数据仓库Hive理论和实践
Hive
查询接口,提供SQL -> MapReduce的转换。 Hive依托底层的HDFS进行分布式数据存储、MapReduce进行分布式数据处理或计算。
数据仓库:将异构的来自不同应用的数据源进行抽取、转换、加载到中心数据库,以提供决策分析支持。
数据仓库四大特色:面向主题、集成的、时变的、非易失的。
传统的数据仓库面临的挑战:海量数据、数据类型多样、可扩展性有限
Hive架构
Hive访问接口:命令行(CLI)、Web页面(HWI)、开放数据库连接接口(ODBC或JDBC)、Thrift Server
Driver:SQL -> MapReduce
元数据:MetaStore,存储表的定义等元数据,这些元数据存储在Derby或MySQL等关系数据库中。
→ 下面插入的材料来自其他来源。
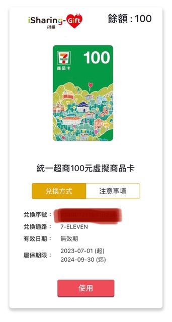 7-11 虛擬商品卡100*6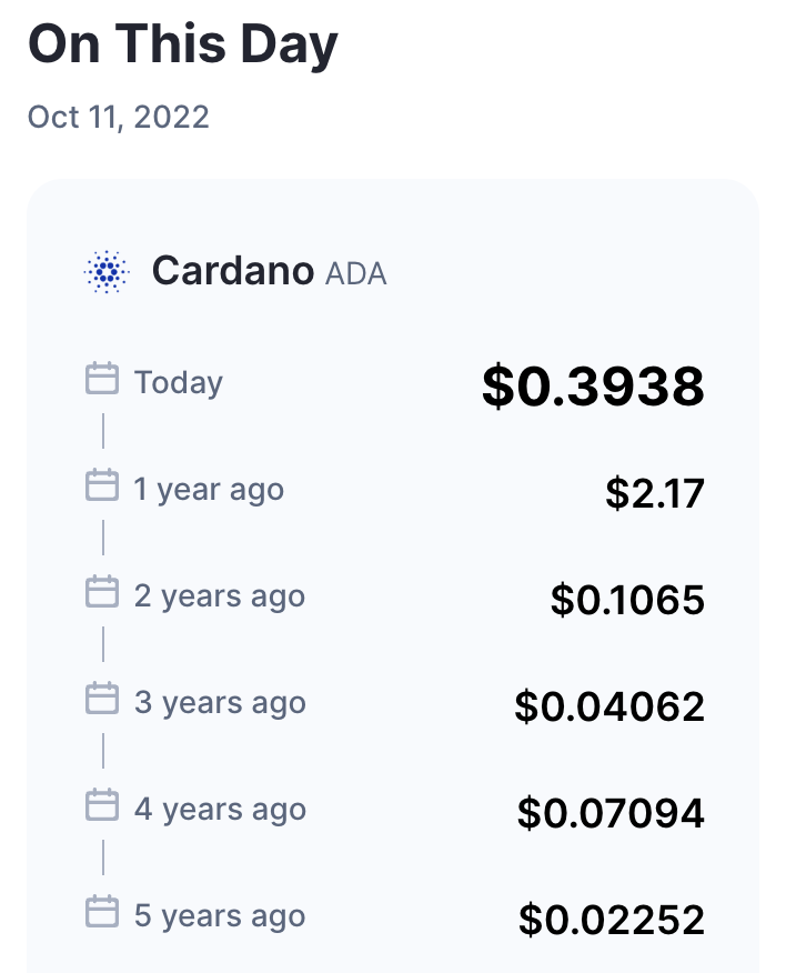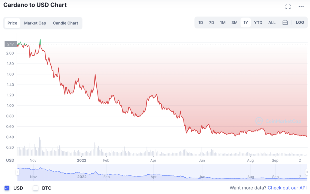 Cena mince Cardano byla v lednu 2022 1,37 dolaru a v říjnu 2022 je nyní 0,42 dolaru. Cardano za posledních dvanáct měsíců ztratilo 751 TP2T své původní hodnoty.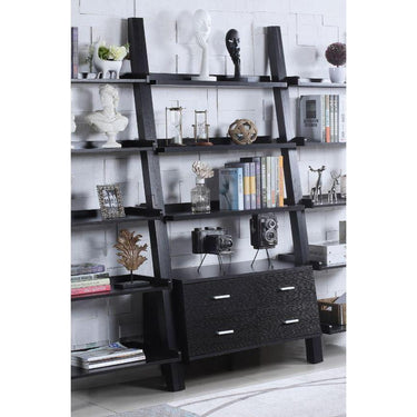 Elevate the style workspace with three-ladder style bookcases. coming as a set, the bookcases are bound to bring plenty of organizational options for your living room or large home office. a stylish aged walnut finish makes this a versatile addition to your space. find plenty of areas to display and organize your books, decor and small house plants. meanwhile, a small tabletop and four storage drawers offer an extra area for displaying items and concealing essentials.
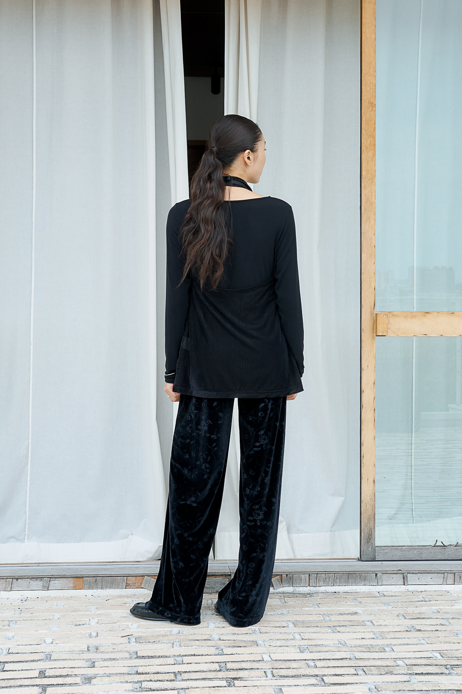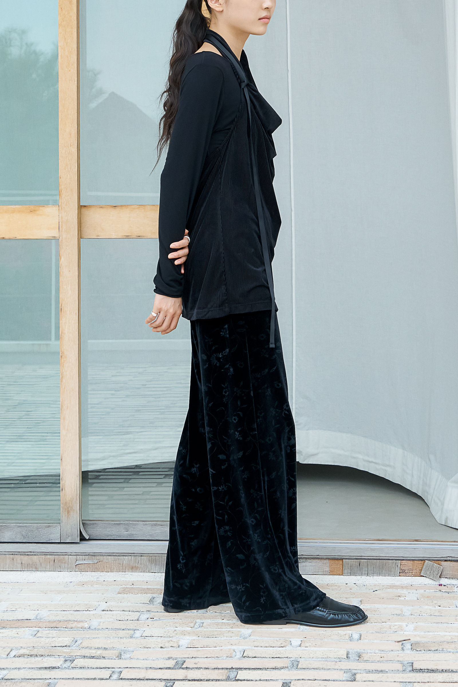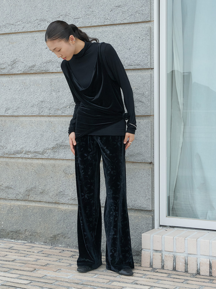 블랙 벨벳 특성상 이염이 있을 수 있습니다. 밝은 색 이너와 함께 착용하시기 전, 안심하고 입으실 수 있도록 2회 이상 단독 세탁해 주세요.

Hive QL(Hive 语句) /etc/init.d/mysqld restart hive
create database *** ; show databases;
use database;
create table [if not exists] ... [partitioned by ...] [row format delimited fields terminated by '] location ' '; e.g. create table student(id int, name string, age int) row format delimited fields terminated by ' location "/data";
alter table *** add partition (...) location '...';
show tables;
load data [local] inpth '' overwrite into table *** ; e.g. load data local inpath 'student_data' overwrite into table student;
insert overwrite table *** select *** from ... ;
另一个例子(来自https://docs.cloudera.com/HDPDocuments/HDP2/HDP-2.3.4/bk_dataintegration/content/new-feature-insert-values-update-delete.html): CREATE TABLE students (name VARCHAR(64), age INT, gpa DECIMAL(3,2)) CLUSTERED BY (age) INTO 2 BUCKETS STORED AS ORC;
INSERT INTO TABLE students VALUES ('fred flintstone', 35, 1.28), ('barney rubble', 32, 2.32);
CREATE TABLE pageviews (userid VARCHAR(64), link STRING, from STRING) PARTITIONED BY (datestamp STRING) CLUSTERED BY (userid) INTO 256 BUCKETS STORED AS ORC;
INSERT INTO TABLE pageviews PARTITION (datestamp = '2014-09-23') VALUES ('jsmith', 'mail.com', 'sports.com'), ('jdoe', 'mail.com', null);
INSERT INTO TABLE pageviews PARTITION (datestamp) VALUES ('tjohnson', 'sports.com', 'finance.com', '2014-09-23'), ('tlee', 'finance.com', null, '2014-09-21');
echo ... > file.txt e.g. echo "Hello Hadoop!" > westart.txt ... echo "Bye Hadoop!" > wecomplete.txt
hope every guy enjoys our special time ...